What to do: Lines from the one containing "就模型性能而言,GPT-OS" through the final line of the records below are needed, copied exactly, with no pictures.

---------- Data section

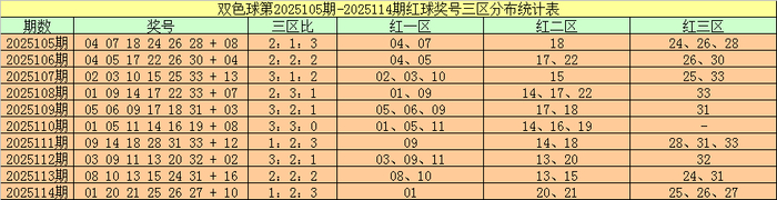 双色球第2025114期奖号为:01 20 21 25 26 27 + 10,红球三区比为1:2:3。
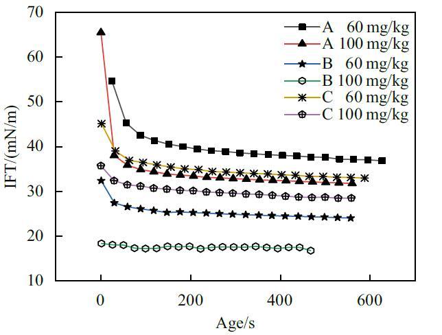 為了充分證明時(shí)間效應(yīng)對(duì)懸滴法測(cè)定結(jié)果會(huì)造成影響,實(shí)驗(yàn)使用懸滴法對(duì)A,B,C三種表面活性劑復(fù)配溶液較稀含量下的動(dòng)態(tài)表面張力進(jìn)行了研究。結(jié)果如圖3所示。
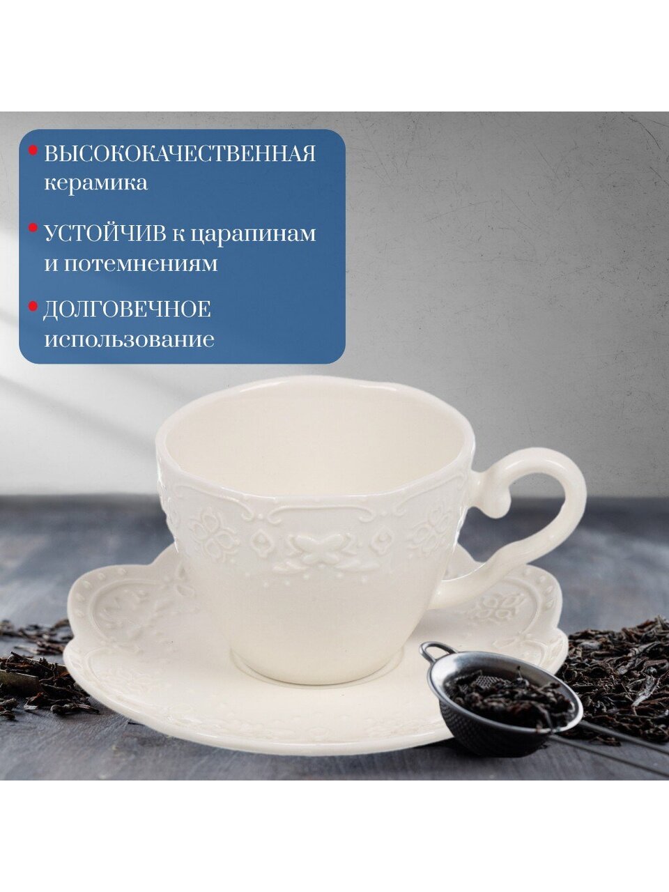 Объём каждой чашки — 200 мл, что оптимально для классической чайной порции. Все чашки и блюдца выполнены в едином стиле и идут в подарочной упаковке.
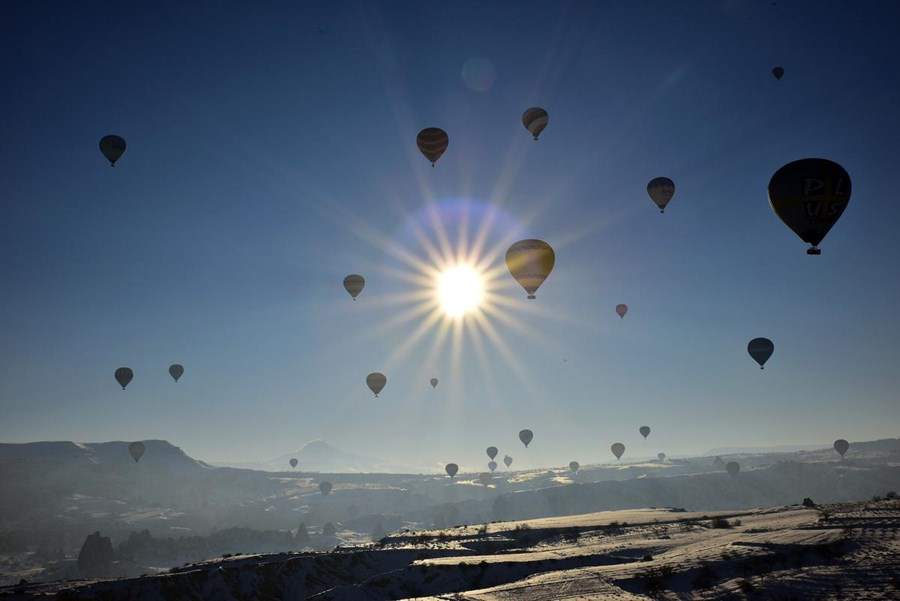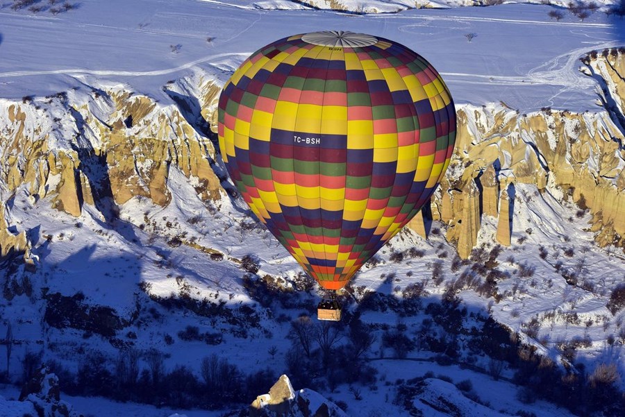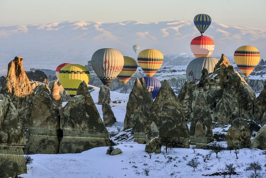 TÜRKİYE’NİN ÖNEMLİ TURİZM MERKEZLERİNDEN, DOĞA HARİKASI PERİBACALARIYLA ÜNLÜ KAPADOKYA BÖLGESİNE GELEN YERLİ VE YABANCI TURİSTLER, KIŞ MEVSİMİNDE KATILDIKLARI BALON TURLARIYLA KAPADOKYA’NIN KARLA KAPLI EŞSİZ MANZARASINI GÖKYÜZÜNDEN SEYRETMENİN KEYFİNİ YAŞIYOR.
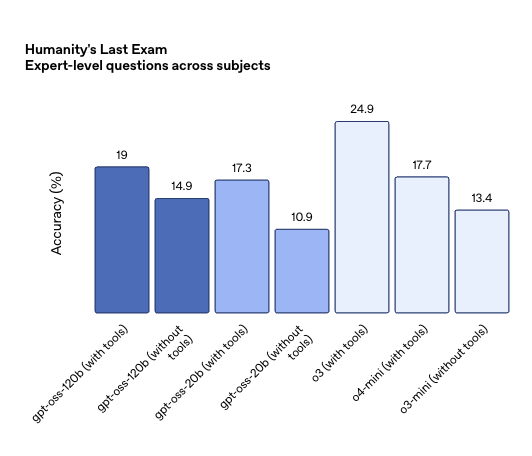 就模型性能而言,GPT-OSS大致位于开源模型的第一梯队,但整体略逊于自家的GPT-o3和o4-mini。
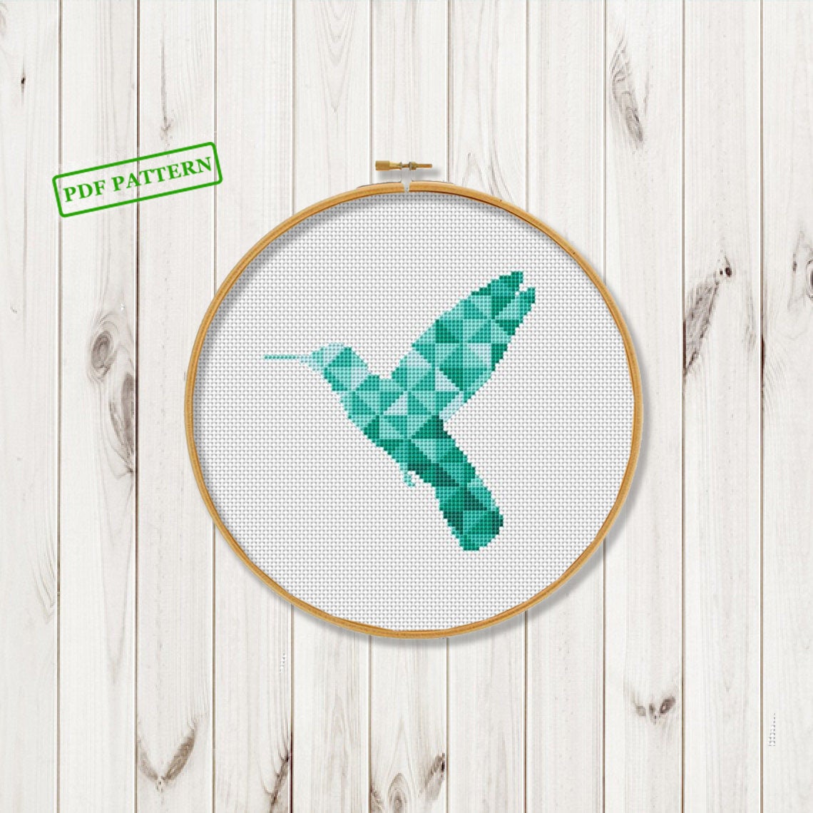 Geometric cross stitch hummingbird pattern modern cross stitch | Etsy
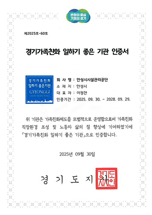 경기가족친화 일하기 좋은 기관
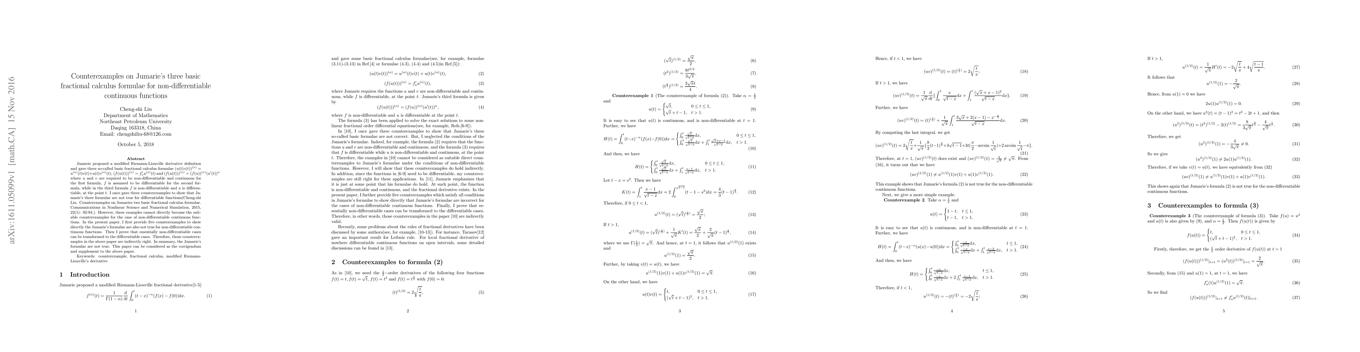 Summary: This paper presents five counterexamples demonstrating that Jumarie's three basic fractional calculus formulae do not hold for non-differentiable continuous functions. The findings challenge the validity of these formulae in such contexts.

--------------------

Response area:
 就模型性能而言,GPT-OSS大致位于开源模型的第一梯队,但整体略逊于自家的GPT-o3和o4-mini。
 Geometric cross stitch hummingbird pattern modern cross stitch | Etsy
 경기가족친화 일하기 좋은 기관
 Summary: This paper presents five counterexamples demonstrating that Jumarie's three basic fractional calculus formulae do not hold for non-differentiable continuous functions. The findings challenge the validity of these formulae in such contexts.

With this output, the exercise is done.